# Melbourne to London - where to live/schools when working near Holborn Station



## ozroses01 (May 20, 2008)

Hi all,
My husband is looking at an offer that would have him working near Holborn Station in central London by January. I have a million questions but wanted to start with:

Where to look at living: We will have a 6 year old daughter and a new born and currently live in Bayside Melbourne. Hubby doesn't want a hell commute and we are happy living quite central to begin with. What rents would we need to consider if we wanted a 3-4 bedroom house/apartment in a safe, child friendly, leafy area.

Schools: Does anyone have any advice re Gifted education in the UK. Schools to recommend etc. Are the educational outcomes from state based schools vastly different from the private schools - costs at private looked to be around AUD25-30K per year - is this worth it? Our daughter is currently at an IB private school in Melbourne.

Thanks so much for your time and assistance.


----------



## Joppa (Sep 7, 2009)

ozroses01 said:


> Hi all,
> My husband is looking at an offer that would have him working near Holborn Station in central London by January. I have a million questions but wanted to start with:
> 
> Where to look at living: We will have a 6 year old daughter and a new born and currently live in Bayside Melbourne. Hubby doesn't want a hell commute and we are happy living quite central to begin with. What rents would we need to consider if we wanted a 3-4 bedroom house/apartment in a safe, child friendly, leafy area.
> ...


You will need a serious amount of money (or excellent relocation package!) to be able to afford the sort of housing close to Central London. If you want a shortish underground ride to Holborn, you are thinking of North London suburbs of Islington, Highgate, Hampstead, St Johns Wood, or a bit further out, Finchley and Hendon.
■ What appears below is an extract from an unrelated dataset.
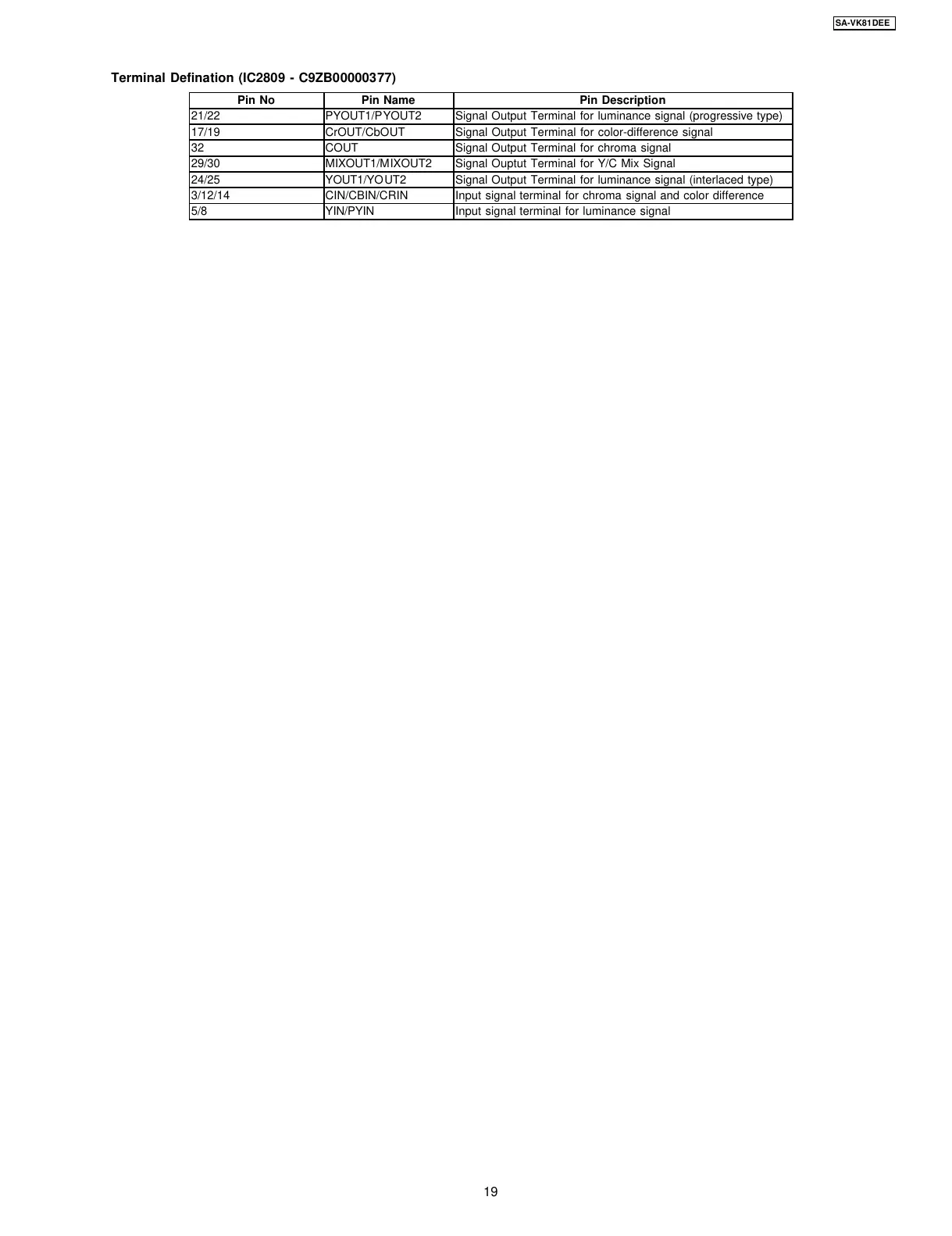 17/19 CrOUT/CbOUT Signal Output Terminal for color-difference signal
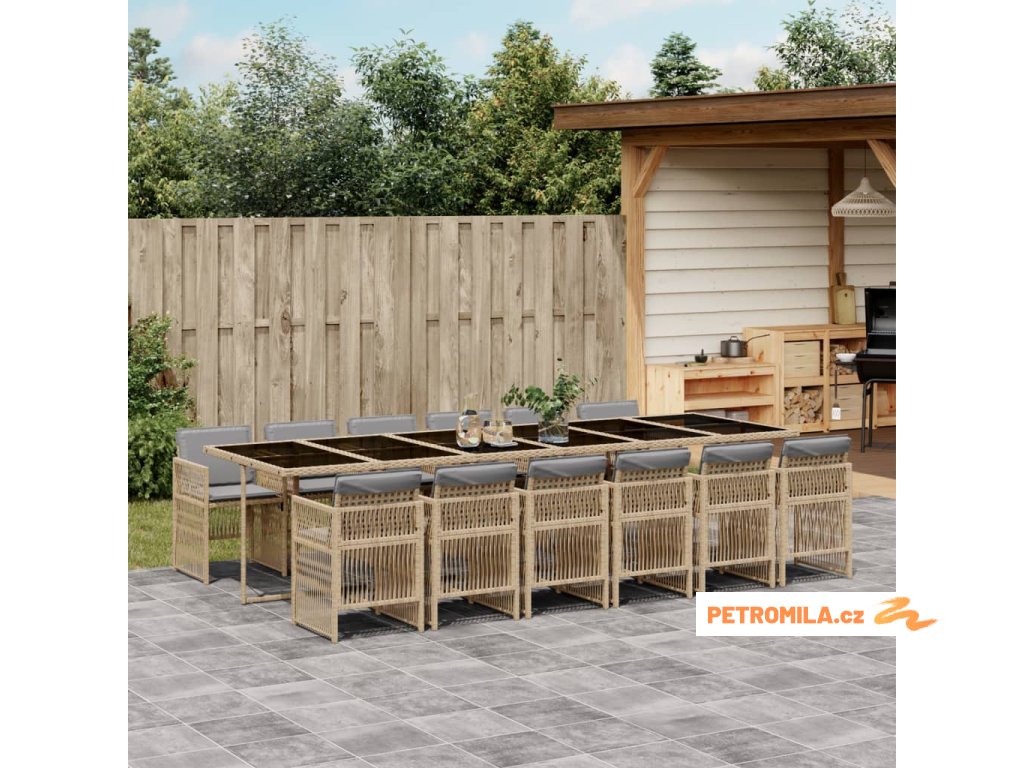 13dílný zahradní jídelní set s poduškami mix béžové polyratan

For the former, budget at least £500 a week, and for the latter £300. This is for a basic accommodation from a private landlord, and for something better, such as 24-hour security, parking space/garage etc, sky's the limit but up to double or more.
As for education, top state primaries provide excellent education, but good schools will all have a long waiting list and you are unlikely to get a place. If you ask the local authority (in your case a London Borough) to look for a school place, they will find you one, but it can be miles from home and not so good/or in a less desirable area. So taking these things into account, you may have no choice but to consider private education. I'd say the average fees are around £4500 a term or £13500 a year, so around A$7500 or A$22500, but they do vary a lot. Before you commit yourself, make sure you visit the school in person and meet the head and ask a lot of questions, and that your daughter will fit in and be happy. Each school is different and has its own strengths and ethos.


----------



## ozroses01 (May 20, 2008)

*thanks*



Joppa said:


> You will need a serious amount of money (or excellent relocation package!) to be able to afford the sort of housing close to Central London. If you want a shortish underground ride to Holborn, you are thinking of North London suburbs of Islington, Highgate, Hampstead, St Johns Wood, or a bit further out, Finchley and Hendon. For the former, budget at least £500 a week, and for the latter £300. This is for a basic accommodation from a private landlord, and for something better, such as 24-hour security, parking space/garage etc, sky's the limit but up to double or more.
> As for education, top state primaries provide excellent education, but good schools will all have a long waiting list and you are unlikely to get a place. If you ask the local authority (in your case a London Borough) to look for a school place, they will find you one, but it can be miles from home and not so good/or in a less desirable area. So taking these things into account, you may have no choice but to consider private education. I'd say the average fees are around £4500 a term or £13500 a year, so around A$7500 or A$22500, but they do vary a lot. Before you commit yourself, make sure you visit the school in person and meet the head and ask a lot of questions, and that your daughter will fit in and be happy. Each school is different and has its own strengths and ethos.


Thanks Joppa - we won't move unless the package is "right" so your guidelines are a huge help. Fingers crossed the negotiations are fruitful and we can begin our UK adventure.


----------